Whatever. Sometimes holding a grudge and not being exceptionally magnanimous is way more satisfying — even if it’s temporary. Maybe there are cases when it’s just not possible to forgive. How can we in the face of profound hurt? I’m no friggin’ saint.
If being unforgiving doesn’t hold us back in our day-to-day life — careers, relationships, romantic world — then what’s the big whoop? My ping pong reasonings were put to the test recently when my ex-husband reached out to me.
To say that I was shocked to hear from him after 13 years is not saying enough. He asked me to meet him for coffee to talk. At first I wasn’t sure that I wanted to meet.
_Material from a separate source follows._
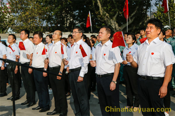 上午8時18分,升旗儀式開始。鮮艷的五星紅旗在莊嚴的國歌聲中冉冉升起,凡殿才等公司領導同員工代表注視著五星紅旗,齊唱國歌。
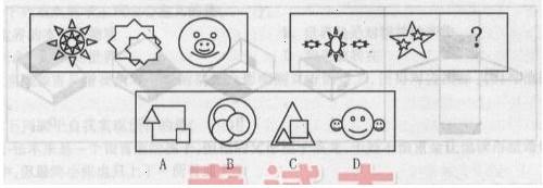 解析 第一套图形,由内外两个图形组成,且两个图形形状相似。第二套图形,每一个都由相同的三个图形组成,且有两个图形对称,因此选D。

Why? What was the point? What could he possibly have to say? Was I even interested in what he had to say? Did I want to invite that into my life?
Our divorce was amicable, devoid of drama. And from where I was standing, I hadn’t any lingering or unresolved feelings. I had packed our relationship in bubble wrap and put it gently in the pile.
I thought about his request and decided that if he had the cajones to reach out to me after so much water under the bridge — unsure of how I would react, the possibility of rejection — then the least I could do was show up. Clearly it was important to him. I’m a lot of things, but douche isn’t one of them.
It was a surreal and mildly weird rendezvous. We spent nine years together and even though it had been a lifetime ago, there was a comfort in talking to him — an ease. Our history gave our conversation a welcomed familiarity. We spoke in shorthand, reminiscing about the early days, and I could feel myself smiling.
After a few struts down memory lane, he launched into an apology. He was sorry for not being a better partner in our marriage, and admitted to his selfish behavior. He was taking responsibility for his actions, citing examples, because he genuinely wanted to be a better person.
I have to be honest: as he spoke I wasn’t entirely sure what he was referring to. It had been a long time since we were married and let’s just say that there have been several relationships since, and, well, frankly I can’t even remember what I did yesterday, let alone back in 1997.
And then I did remember. The more he spoke, the more I thought, Oh, yeah, now that you mentioned it, what about that? Shit had long been buried and now it was being unearthed.
Events and incidents came rushing back to me, without anger, disappointment, or resentment. Our discussion was calm and objective. As he spoke I was able to see the battles that I had been waging within myself at that time.
I told him that all was forgiven. He appreciated my meeting him and I felt good knowing that our conversation had brought him relief and some peace.
As we get older, we become more and more conscious of life’s fragility and brevity. Living guilt-free, without bad juju or unspoken feelings and thoughts is an admirable goal for anyone.
It was a mature and brave thing that my ex-husband did. A mensch and a man.